Source information below:
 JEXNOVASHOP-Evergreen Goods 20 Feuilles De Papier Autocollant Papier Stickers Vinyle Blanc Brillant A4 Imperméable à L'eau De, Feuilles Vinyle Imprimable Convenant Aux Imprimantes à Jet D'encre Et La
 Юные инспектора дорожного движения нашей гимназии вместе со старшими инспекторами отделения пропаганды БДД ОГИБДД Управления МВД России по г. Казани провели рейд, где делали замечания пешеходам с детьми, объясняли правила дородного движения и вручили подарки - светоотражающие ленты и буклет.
End of Source information.
Source information below:
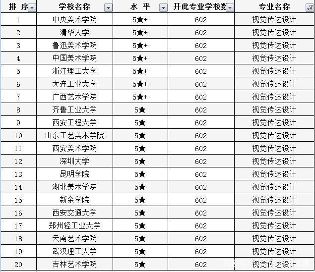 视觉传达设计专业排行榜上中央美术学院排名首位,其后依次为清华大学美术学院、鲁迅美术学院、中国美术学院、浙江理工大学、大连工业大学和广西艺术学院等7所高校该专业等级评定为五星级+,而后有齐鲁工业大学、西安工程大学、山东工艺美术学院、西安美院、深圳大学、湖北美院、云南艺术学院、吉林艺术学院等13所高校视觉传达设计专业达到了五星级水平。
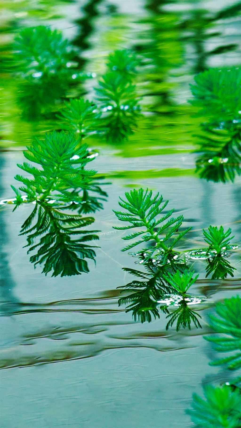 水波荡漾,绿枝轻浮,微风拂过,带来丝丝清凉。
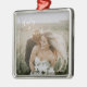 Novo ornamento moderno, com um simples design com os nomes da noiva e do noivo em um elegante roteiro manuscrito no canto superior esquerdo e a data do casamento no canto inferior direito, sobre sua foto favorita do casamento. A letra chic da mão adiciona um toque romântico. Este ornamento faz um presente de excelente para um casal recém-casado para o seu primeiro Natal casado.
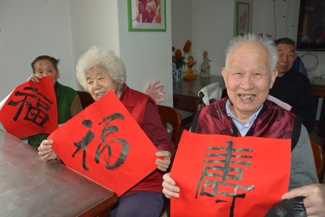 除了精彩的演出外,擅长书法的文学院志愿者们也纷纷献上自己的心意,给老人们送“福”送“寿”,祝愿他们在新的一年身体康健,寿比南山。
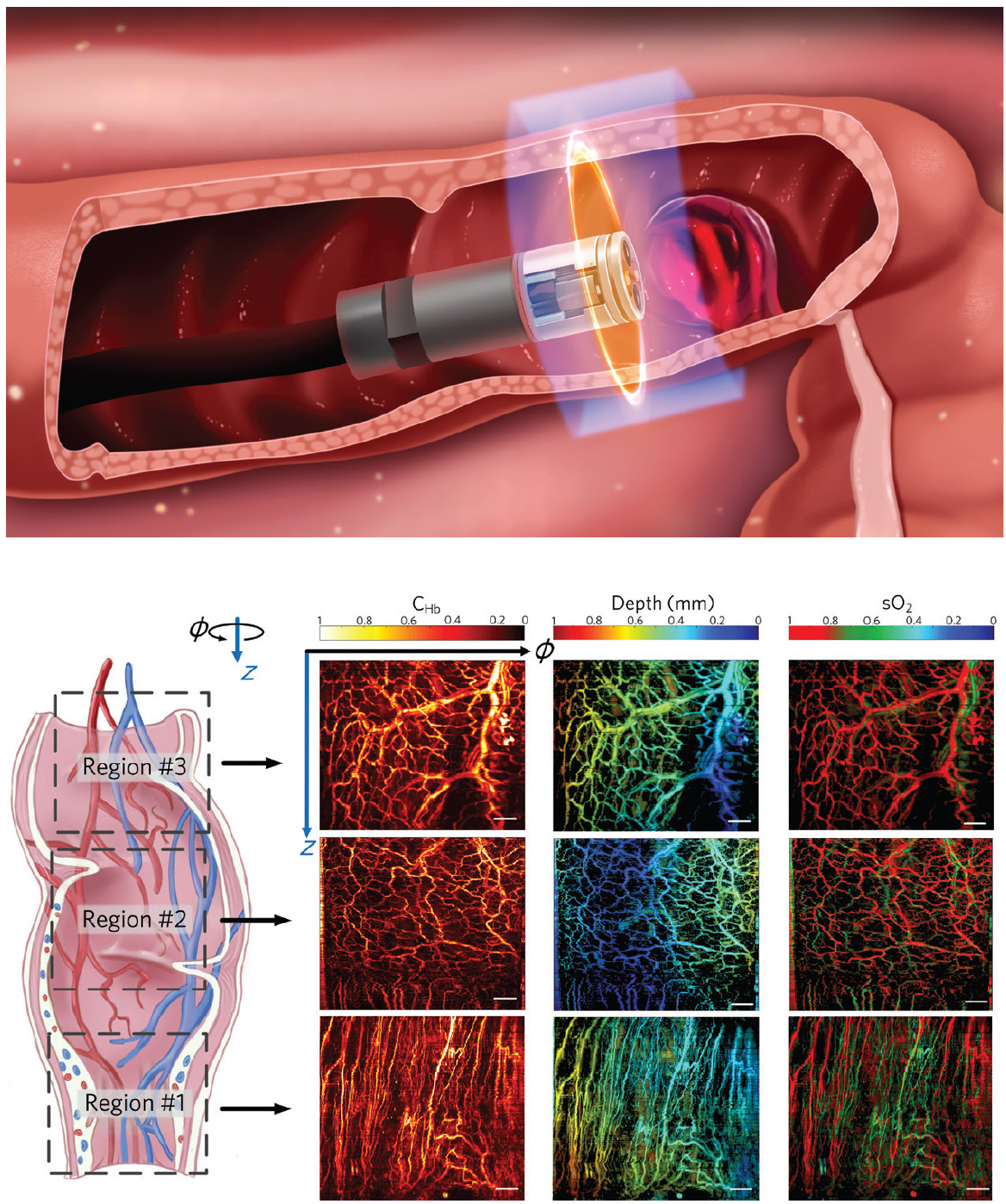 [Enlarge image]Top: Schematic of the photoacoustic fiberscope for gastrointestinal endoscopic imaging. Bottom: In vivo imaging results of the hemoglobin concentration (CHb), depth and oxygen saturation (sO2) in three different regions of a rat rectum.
End of Source information.
**About this task:**
In the records above, find the line with "除了精彩的演出外,擅长书法的" and the line with "[Enlarge image]Top: Schematic"; please transcribe exactly those two lines and all lines between them, omitting any picture.

**The completed task:**
 除了精彩的演出外,擅长书法的文学院志愿者们也纷纷献上自己的心意,给老人们送“福”送“寿”,祝愿他们在新的一年身体康健,寿比南山。
 [Enlarge image]Top: Schematic of the photoacoustic fiberscope for gastrointestinal endoscopic imaging. Bottom: In vivo imaging results of the hemoglobin concentration (CHb), depth and oxygen saturation (sO2) in three different regions of a rat rectum.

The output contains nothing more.